Воцарилось молчанье. Салыр неприметно переглянулся с Одели-налваном.

— Мы с радостью принимаем вас, Тувак-сердар, в свои ряды. Но решительно отвергаем вашу мысль, чтобы стать рядовым джигитом. Нет, никогда! Вы — прославленный в народе предводитель борцов за справедливость, имя ваше столько лет наводило ужас на цепных собак эмира… Почтительно просим вас занять место рядом с нами, быть среди первых наших советников.

— Что ж… — криво усмехнулся гость, зеленые глаза сверкнули торжествам. — Я благодарен за честь и готов ее принять.

— Хоп, Тувак-сердар! — поднявшись с места, Салыр шагнул к нему и крепко обнял, так что у щуплого Тувака хрустнули позвонки. — Отныне мы братья в войне и мире! Эй!.. — он подозвал прислужника. — Живо двух баранов под нож… Отпразднуем этот час, радостный для нас всех!

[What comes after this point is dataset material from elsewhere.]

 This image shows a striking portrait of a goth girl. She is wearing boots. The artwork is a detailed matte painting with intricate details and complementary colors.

«…Одного не сумели мы взять, а теперь их там двое, головорезов проклятых! — с тоской пронеслось в мыслях Мамедши-мирахура, когда лазутчики донесли ему о новостях в стане Салыра. — Воистину солнце для нас закатилось».

Прощайте, боевые друзья!

Белый потолок высоко над головой, глянешь по сторонам — такие же белые, гладкие стены. Тонкие зеленоватые шторы на высоких окнах не пропускают в палату солнечные лучи. За окнами — яркое весеннее утро, блики майского солнца на молодой листве раскидистых деревьев. В палате сумрак, нежарко, только воздух нечистый — насыщенный запахами лекарств, испарениями человеческих тел. В ней до десятка раненых бойцов и командиров Красной Армии.

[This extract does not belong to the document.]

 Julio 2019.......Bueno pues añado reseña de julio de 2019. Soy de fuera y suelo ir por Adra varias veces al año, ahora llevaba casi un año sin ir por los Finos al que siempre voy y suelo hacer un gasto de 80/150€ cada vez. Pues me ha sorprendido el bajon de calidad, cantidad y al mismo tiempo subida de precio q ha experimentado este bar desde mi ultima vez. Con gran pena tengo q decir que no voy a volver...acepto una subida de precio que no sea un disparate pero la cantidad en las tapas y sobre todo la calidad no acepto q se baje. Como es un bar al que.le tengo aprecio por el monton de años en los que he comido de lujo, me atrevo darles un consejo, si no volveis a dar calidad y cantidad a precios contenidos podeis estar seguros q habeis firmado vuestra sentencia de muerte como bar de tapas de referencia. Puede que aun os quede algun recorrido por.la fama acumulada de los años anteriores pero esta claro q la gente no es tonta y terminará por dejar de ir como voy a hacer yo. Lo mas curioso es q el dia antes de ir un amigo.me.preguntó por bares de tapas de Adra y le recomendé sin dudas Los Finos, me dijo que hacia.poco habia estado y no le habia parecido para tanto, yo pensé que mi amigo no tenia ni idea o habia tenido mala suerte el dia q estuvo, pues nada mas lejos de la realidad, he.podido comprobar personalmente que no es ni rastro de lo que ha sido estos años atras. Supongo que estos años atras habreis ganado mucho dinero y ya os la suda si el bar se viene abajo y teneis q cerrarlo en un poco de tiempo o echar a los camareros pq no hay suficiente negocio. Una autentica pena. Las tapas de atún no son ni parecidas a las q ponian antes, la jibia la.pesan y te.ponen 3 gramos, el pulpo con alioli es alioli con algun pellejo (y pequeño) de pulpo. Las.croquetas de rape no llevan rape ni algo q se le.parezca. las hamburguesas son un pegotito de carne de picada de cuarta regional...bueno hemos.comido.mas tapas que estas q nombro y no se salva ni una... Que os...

Тупая боль в бедре мешает уснуть. Утомление, однако, превозмогает боль, и Нобат погружается в тяжелую, смутную дрему. Беспрестанно мерещится только что пережитое: многоверстные марши пыльными дорогами Ферганы, тревожная дробь басмаческих выстрелов на окраине кишлака, угрожающее безмолвие ущелья в горах, внезапно взрываемое грохотом каменного обвала, и сразу же — утомительная погоня за врагом по козьим, едва протоптанным тропкам, когда выстрела в упор ждешь за каждым поворотом… Редко-редко всплывает из глубины давнее, казалось — навечно забытое. Донди увозят из родительского дома в разукрашенном кеджебе… Вонючий зиндан, тяжелая колодка впилась в ногу, боль нестерпимая — и Нобат просыпается, с трудом сознавая, что боль — наяву. Тут сквозь тишину, как будто сквозь вату, проступают голоса, звук шагов…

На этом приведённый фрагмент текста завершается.